Hadirnya Citayam Fashion Week ini memang tak lepas dari kritikan. Sampah berupa tumpahan makanan, minuman, dan puntung rokok di sekitar area Dukuh Atas menimbulkan kesan kotor. Belum lagi, aktivitas duduk bergerombol di pinggir jalan membuat pengunjung lain kesulitan untuk berjalan.

Namun, selain melambangkan mulai kembalinya akses ruang publik bagi semua golongan warga, sebenarnya juga memiliki potensi melahirkan gaya fesyen jalanan (street fashion) khas Jakarta Raya.

Gaya tersebut merepresentasikan kelompok pinggiran yang mampu bergaya tanpa menghabiskan banyak biaya. Pakaian yang mereka kenakan pun banyak berasal dari merek lokal.

Memang, butuh jalan panjang menjadikan CFW sebagai subkultur yang berpengaruh di panggung dunia. Selain itu, sosialisasi berkala untuk menjaga kebersihan dan ketertiban di Dukuh Atas juga perlu dilakukan agar area terhindar dari pelanggaran hukum seperti konsumsi alkohol di bawah umur dan penyalahgunaan narkotika.

Apalagi soal pendidikan anak-anak tersebut. Mereka kerap nongkrong di jam-jam sekolah yang sudah mulai aktif belakangan ini.

Rebutan Merek

Fenomena anak muda yang nongkrong di kawasan Stasiun Sudirman Dukuh Atas dan menghadirkan istilah SCBD serta berbagai gelaran di area tersebut, seperti Citayam Fashion Week, mulai jadi rebutan para pengusaha hiburan serta berbagai artis.

Beberapa pihak mulai mengklaim gelaran tersebut menjadi merek milik perusahaan pribadi mereka atau untuk merebut nama gelaran tersebut yang awalnya hadir dari kreasi anak anak yang biasa nongkrong di daerah tersebut serta daerah penyangga ibu kota.

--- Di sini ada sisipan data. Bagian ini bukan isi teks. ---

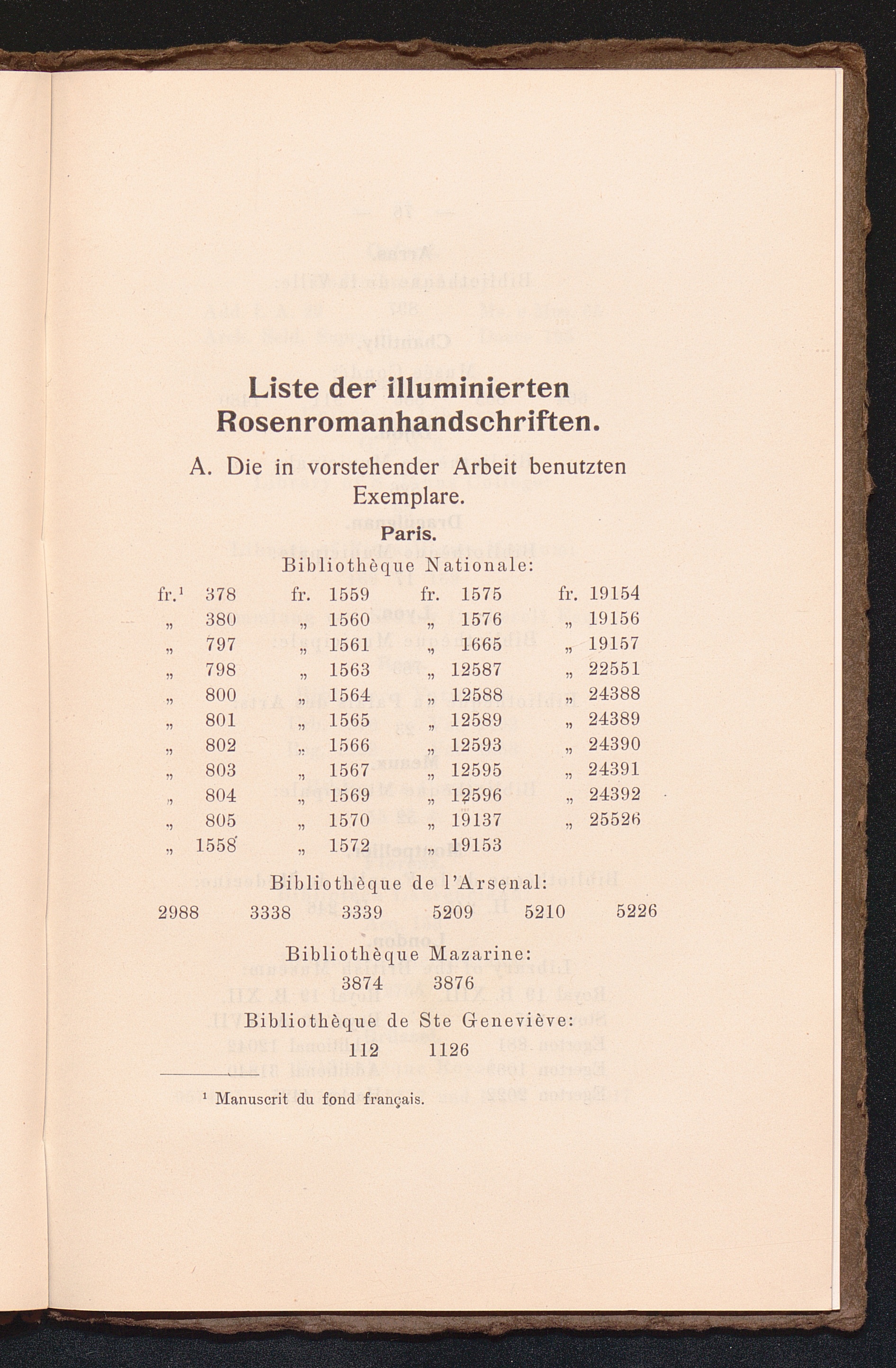 Anhang. Liste der illustrierten Rosenromanhandschriften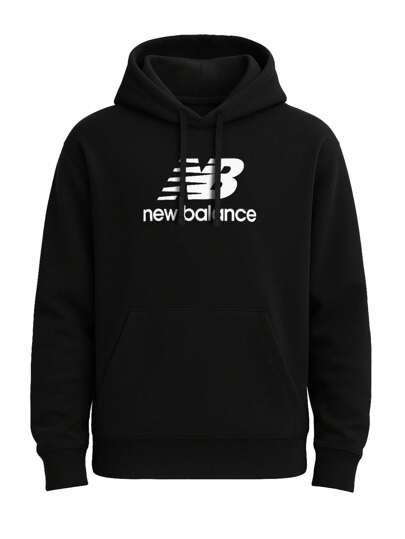New Balance Sudadera con capucha de felpa francesa con logo apilado - NEGRO (001) - Negro - Añade 1
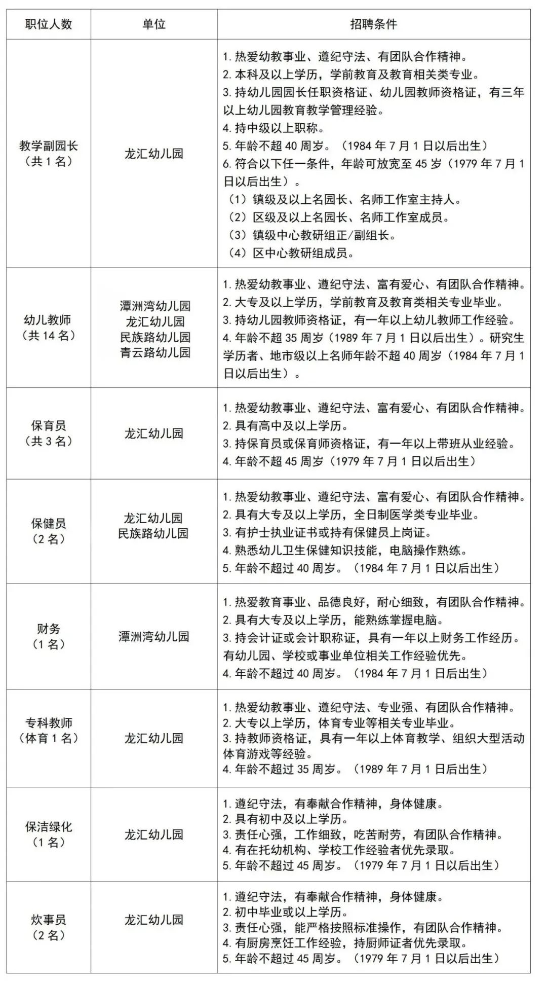 为推动陈村镇学前教育高质量发展,满足师资配备需要,现陈村镇宣传文体旅游和教育办公室面向社会公开招聘陈村镇四所公办幼儿园(潭洲湾幼儿园、青云路幼儿园、民族路幼儿园、龙汇幼儿园)合同制教职工若干名。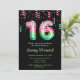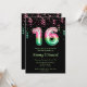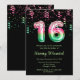 Cette invitation d'anniversaire élégante et glamour porte le numéro 16 en imprimé pastèque avec confettis rose et vert. Le texte combine écriture manuscrite et polices sans serif modernes pour un look élégant et sophistiqué.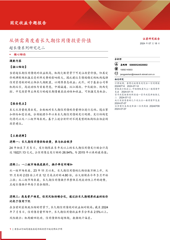 【西部证券】【20240718】超长债系列研究之二:从供需角度看长久期信用债投资价值-13页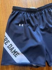 This is a new with tags (NWT) pair of 2018 team-issued Notre Dame women's basketball shorts by Under Armour in size large. The shorts are officially licensed and feature the University of Notre Dame Fighting Irish team. They are designed for women and are a souvenir item.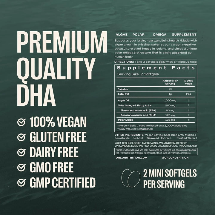 Aceite De Algas Omega 3 Dha Epa 60 Cápsulas Triple Potencia Orlo DHA Vegano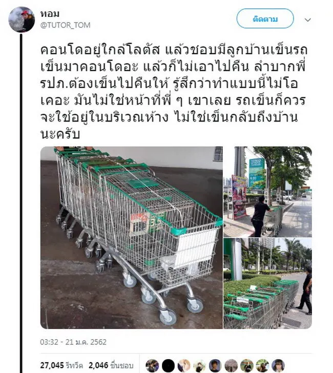 “คอนโดอยู่ใกล้โลตัส แล้วชอบมีลูกบ้านเข็นรถเข็นมาคอนโดอะ แล้วก็ไม่เอาไปคืน ลำบากพี่รปภ.ต้องเข็นไปคืนให้ รู้สึกว่าทำแบบนี้ไม่โอเคอะ มันไม่ใช่หน้าที่พี่ ๆ เขาเลย รถเข็นก็ควรจะใช้อยู่ในบริเวณห้าง ไม่ใช่เข็นกลับถึงบ้านนะครับ”

Berdasarkan data dari laman resmi PDKI 25 Juli 2022, ada 3 pihak yang telah mendaftarkan Brand Citayam Fashion Week. Ketiganya yakni PT Tiger Wong Entertainment, Indigo Aditya Nugroho dan Daniel Handoko Santoso.

PT Tiger Wong Entertaiment merupakan perusahaan milik aktor dan tokoh publik Baim Wong dan istrinya Paula Verhoeven. Perusahaan ini mengajukan permohonan tersebut pada 20 Juli 2022 dengan nomor JID202205218.

PT Wiger Wong menjelaskan permohonan ini masuk ke dalam kategori jasa hiburan yang bersifat sifat peragaan busana.

Sementara itu, pihak Indigo Aditya mengajukan permohonan sehari sesudahnya, alias pada 21 Juli 2022 dengan nomor JID2022052496.

Dalam keterangannya, Indigo menjelaskan, permohonan tersebut masuk ke kategori jasa hiburan. Indigo menjelaskan jasa tersebut termasuk pendidikan, fashion show (hiburan), hiburan dalam sifat peragaan busana, juga jasa hiburan, yaitu menyediakan acara hiburan langsung.

Merujuk mekanisme yang ada, setelah pendaftaran dilakukan suatu pihak, Direktorat Jenderal Kekayaan Intelektual Kemenkumham akan melakukan pemeriksaan formalitas pada permohonan merek dalam waktu 15 hari.

Jika syarat lengkap, maka hasilnya atau keputusan atas permohonan akan diumumkan dalam kurun 2 bulan.

Pendaftaran ke PDKI dilakukan untuk mencegah orang lain memakai merek yang sama keseluruhan atau sama pada pokoknya dalam peredaran untuk barang atau jasa sejenisnya.